Les textes philosophiques de la pensée chinoise
antique sur l'éducation ont un langage qui a la
caractéristique
d'éclairer notre esprit et de susciter des comportements qui le
respectent. C'est un langage ni scientifique ni sentimental. La
pensée
transmise dans ces textes est basée sur l'homme dans son
existence.
Elle réfléchit sur l'homme mais elle ne prend pas l'homme
comme objet d'étude. L'homme, le sujet primordial de
l'éducation
se trouve au centre de cette pensée. De plus, la pensée
chinoise,
notamment confucéenne et taoïste, discute de ce sujet avec
l'attitude de préserver l'homme comme un véritable
sujet
vivant et toujours inscrit dans un processus de changement.
L'éducation
dans ces deux pensées chinoises est une question de pratique.
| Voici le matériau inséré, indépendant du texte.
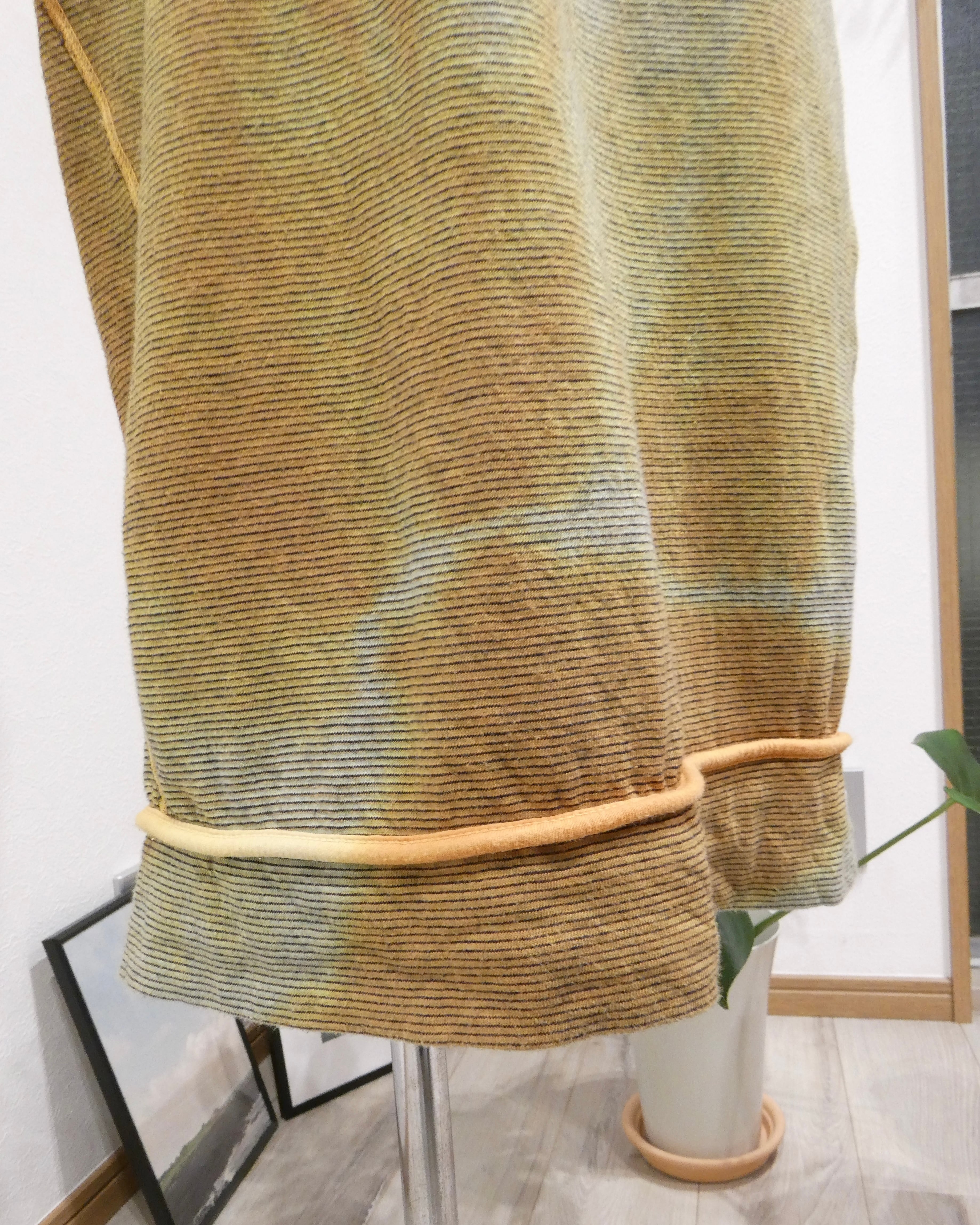 スカートとして着用する場合、ウエストがゆったりになるので折りたたむようにして紐で結んでいただくと綺麗なシルエットになりました。
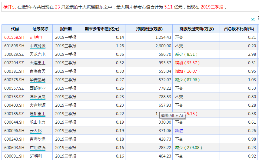 但在2010年之后徐开东持股路线切入“低价股+重组”赛道。以2019年三季度末持股为例,徐开东进入23家A股公司前十大股东,其中仅ST股就有4只。徐开东是在2017年年报时进入ST锐电前十大股东,持股1254万股,截止2019年11月15日其持股一直未变。

Le
vrai sens valable ne sera pas seulement la comprendre, mais la
réaliser.
Bibliographie
BARBIER, R., (1997) L'approche
transversale, l'écoute
sensible en sciences humaines, Paris, Editions Anthropos
CHENG, A. (1981) Entretiens de Confucius,
Paris,
Ed. du seuil.
DEMORGON, J. (1999) "un modèle global
dynamique
des cultures et de l'interculturel" in l'interculturel en formation,
Paris, Retz.
DUAN Yu Cai (1996) Sho Wen Jie Zi Zhu
(Commentaire
de Shuo Wen Jie Zi), Taïpei , éd. Tian Gon Shu Ju
(éd.
1815).
JULLIEN, F. (1993) Zhong Yong, La
Régulation
à usage ordinaire, Paris, Imprimerie nationale
éditions.
JULLIEN, F. (1995, oct.), Le
détour et l'accès
Production déléguée, art & éducation.
production
exécutive Studio vidéo Paris 7. Denis Diderot.
LAO-TZEU, (1997) La voie et sa vertu
Tao-tê-king,
traduit par François Houang et Pierre Leyris, Paris, Seuil.